Operating and cleaning glove boxes requires that customers know the physics and chemistry of their sample. “That is why glove box processes tend to be novel as opposed to rote science,” Applequist adds. Operators tend to be skilled not only in operating the glove box, but in what’s happening inside. “You can’t go to a cookbook and find a method for what you need to do. You or your lab manager are the ones who must develop the methodology.”

This makes purchase decisions somewhat more difficult than for other safety equipment. Managers must take a deep, hard look at their process: How much oxygen will it tolerate? Positive or negative pressure? How closely to document conditions?

“It’s the things you don’t know that will get you,” says Applequist. “There’s often no literature to guide you, so you must often sit down as a group to decide how much you know about your application.”

Sterility assurance

The 2012 meningitis outbreak traced to contaminated injectible drugs produced at a Massachusetts compounding lab has spurred regulators and state pharmacy boards to re-examine US Pharmacopeia (USP) guidelines for microbial contamination at these facilities. The operative guidelines, USP , call for strict measures to prevent contamination of liquid, injectible drugs during manipulation. Central to adherence are glove boxes.

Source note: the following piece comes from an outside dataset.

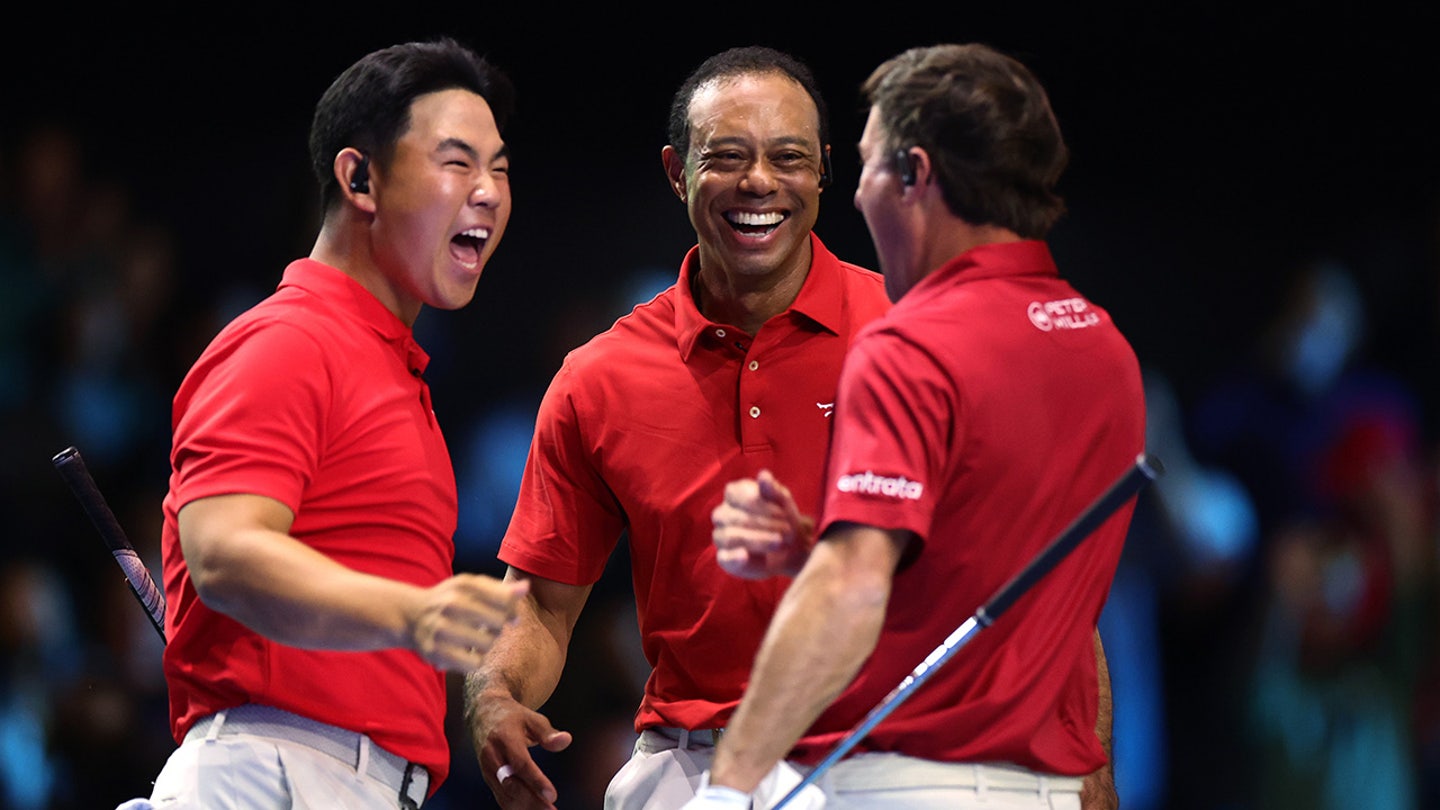 From left to right, Tom Kim, Tiger Woods and Kevin Kisner by Jupiter Links Golf Club celebrate after their TGL presented by Sofi Match against Boston Common Golf at Sofi Center on January 27, 2025 in Palm Beach Gardens, Florida. (Carmen Mandato / TGL / TGL via Getty Images)

“As regulators were investigating this tragedy, we saw an uptick in sales,” says Mike Buckwalter, publications director at Terra Universal (Fullerton, CA). Other areas of growth, according to Buckwalter, are anaerobic (zerooxygen) and hypoxic (low-oxygen) environment glove boxes. Complying with USP guidelines for sterile preparation leads to one of two possible paths. One employs installing a biosafety cabinet or a filtered laminar flow bench inside a two-zone clean room. The problem is clean rooms are expensive to purchase and run, and gowning requirements open up too many avenues for lax technique.

“Glove boxes are a more popular, practical solution,” Buckwalter says. “They’re more restrictive in terms of work area, but they can duplicate clean room functionality and are much less expensive.” For example, a glove box can contain an antechamber that serves similarly to a gowning or entry chamber for a clean room. “Think of it as a mini clean room.”